INSTRUCTIONS FOR THE TASK: Could you write out every record below exactly, leaving the pictures out?

DATA EXCERPTS START

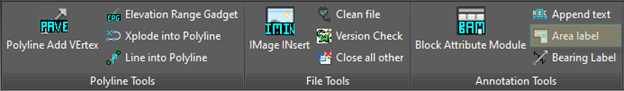 • The ALIBI command prompts users to click inside a closed area, then to click again for an area label.  The area label defaults to a font height of 2 and runs out 3 decimal places.
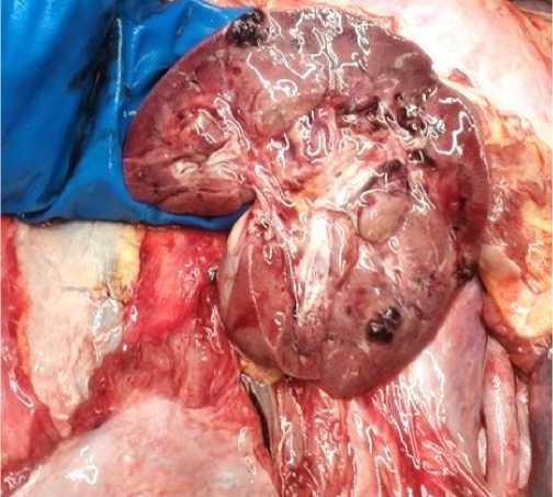 Рис. 2. Метастазы в правой почке: a - макроскопически на разрезе темно-красные солидные очаги опухоли; b – микроскопически выявлены атипичные синцитио и цитотрофобласты (гематоксилин и эозин, ×40)
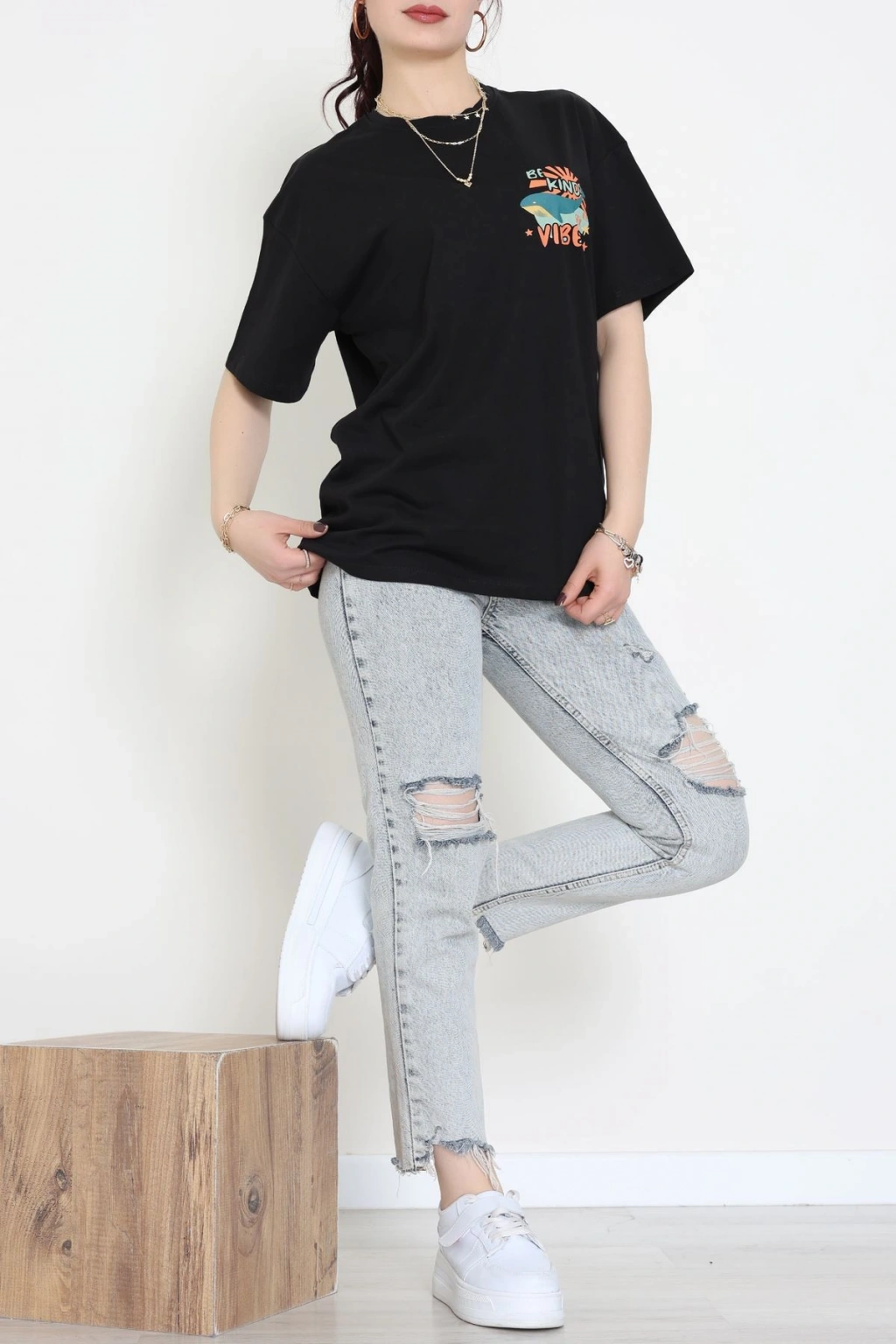 V Yaka Fermuarlı Rejenere Süprem Tişört Siyahbeyaz - 600.1567.
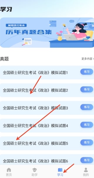 4、点击 “学习” 按钮,系统会提供各类历年真题,供开展模拟测试。
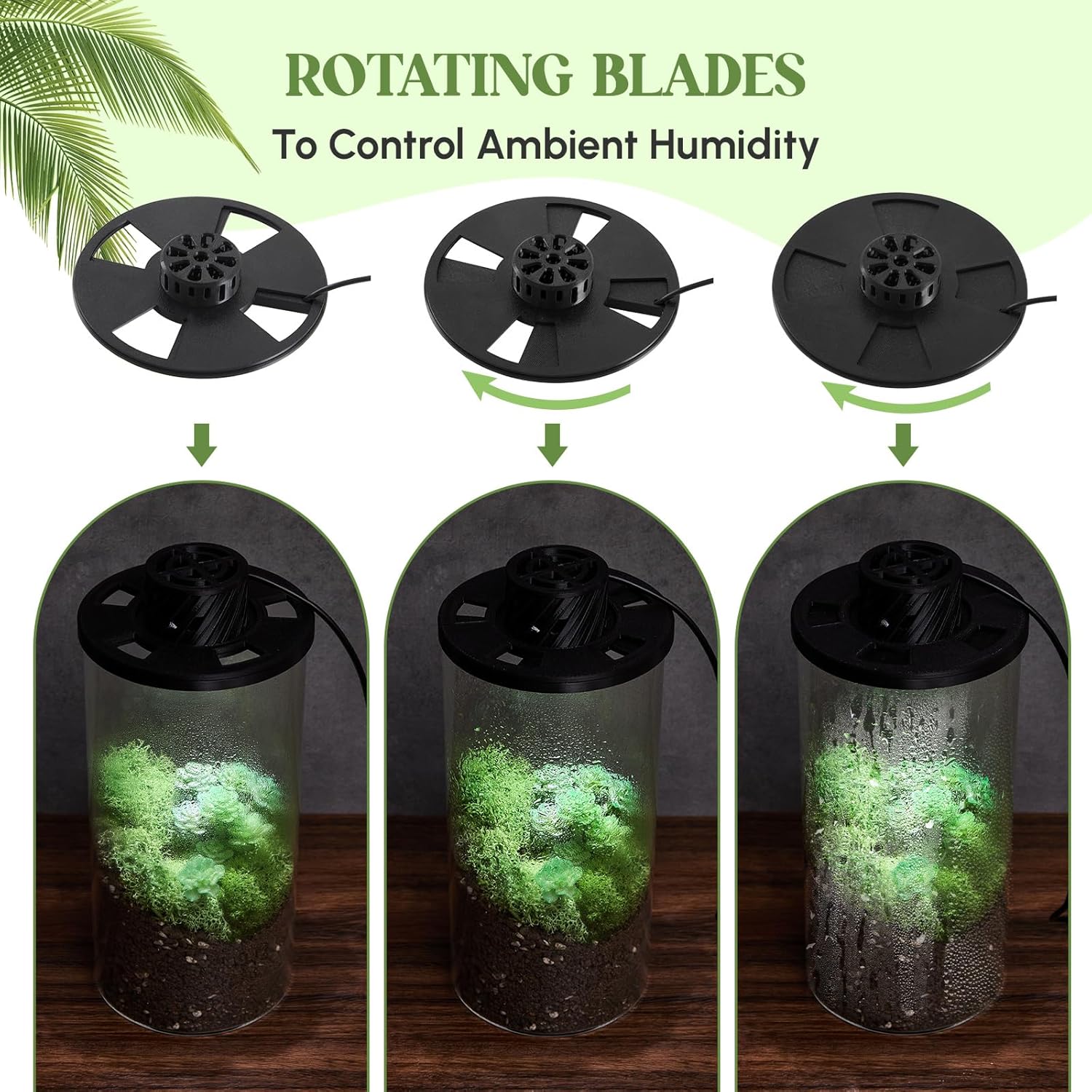 - Efficient and Adjustable Lighting: our 3W LED light is suitable for small plants and mini aquariums; You can easily change between strong and weak lighting modes, providing the right amount of light for your succulents or mosses; The adjustable lighting and rotating lamp base allow you to control the ventilation and humidity inside the bottle, which is especially useful for plants that require high humidity
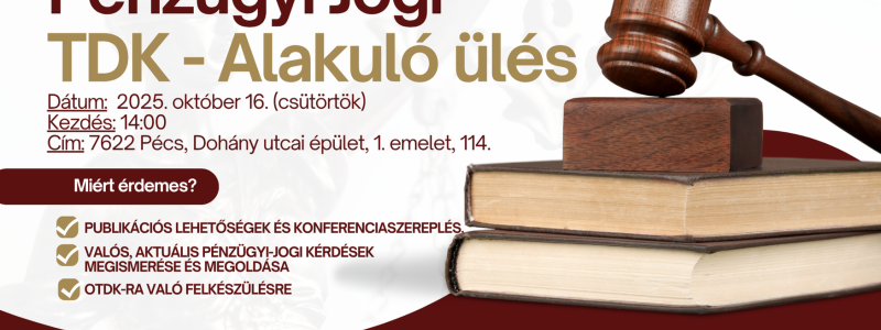 A Pénzügyi Jogi és Gazdasági Jogi Tanszék ezúton tisztelettel meghívja Önöket a Pénzügyi Jogi Tudományos Diákkör (TDK) alakuló ülésére.
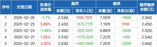 鹏鼎控股:融资净买入1106.79万元,融资余额2.53亿元(02-26)
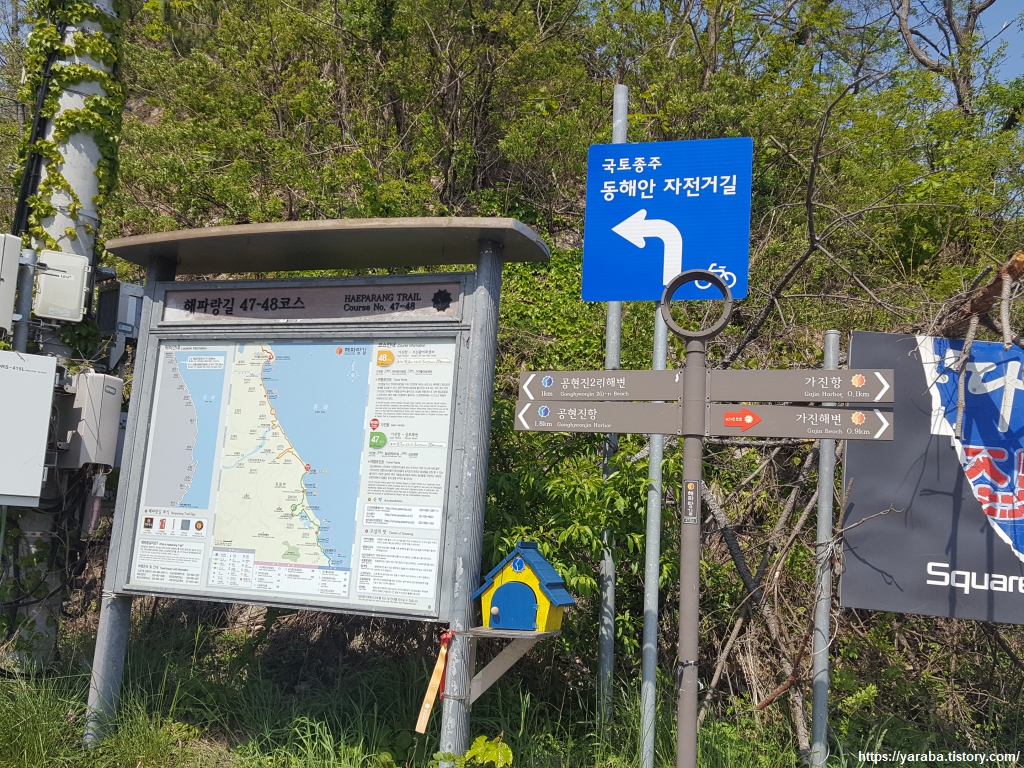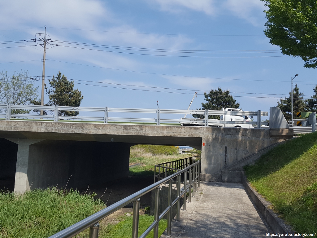 해파랑길에서 보기 어려운 독특한 길 흐름이다. 공현진교 아래 굴다리를 통과하자마자 우측으로 올라가 다시 우회전해서 공현진교를 건너는 방법이다.
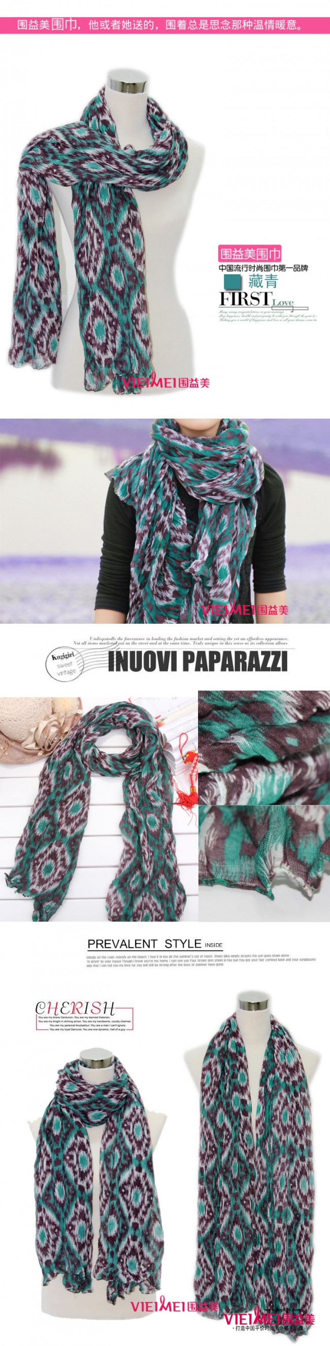 有想象力的MM可以把它当头巾或者扎在大包上,是很有异域色彩的单品。

DATA EXCERPTS END

RESPONSE AREA:
 • The ALIBI command prompts users to click inside a closed area, then to click again for an area label.  The area label defaults to a font height of 2 and runs out 3 decimal places.
 Рис. 2. Метастазы в правой почке: a - макроскопически на разрезе темно-красные солидные очаги опухоли; b – микроскопически выявлены атипичные синцитио и цитотрофобласты (гематоксилин и эозин, ×40)
 V Yaka Fermuarlı Rejenere Süprem Tişört Siyahbeyaz - 600.1567.
 4、点击 “学习” 按钮,系统会提供各类历年真题,供开展模拟测试。
 - Efficient and Adjustable Lighting: our 3W LED light is suitable for small plants and mini aquariums; You can easily change between strong and weak lighting modes, providing the right amount of light for your succulents or mosses; The adjustable lighting and rotating lamp base allow you to control the ventilation and humidity inside the bottle, which is especially useful for plants that require high humidity
 A Pénzügyi Jogi és Gazdasági Jogi Tanszék ezúton tisztelettel meghívja Önöket a Pénzügyi Jogi Tudományos Diákkör (TDK) alakuló ülésére.
 鹏鼎控股:融资净买入1106.79万元,融资余额2.53亿元(02-26)
 해파랑길에서 보기 어려운 독특한 길 흐름이다. 공현진교 아래 굴다리를 통과하자마자 우측으로 올라가 다시 우회전해서 공현진교를 건너는 방법이다.
 有想象力的MM可以把它当头巾或者扎在大包上,是很有异域色彩的单品。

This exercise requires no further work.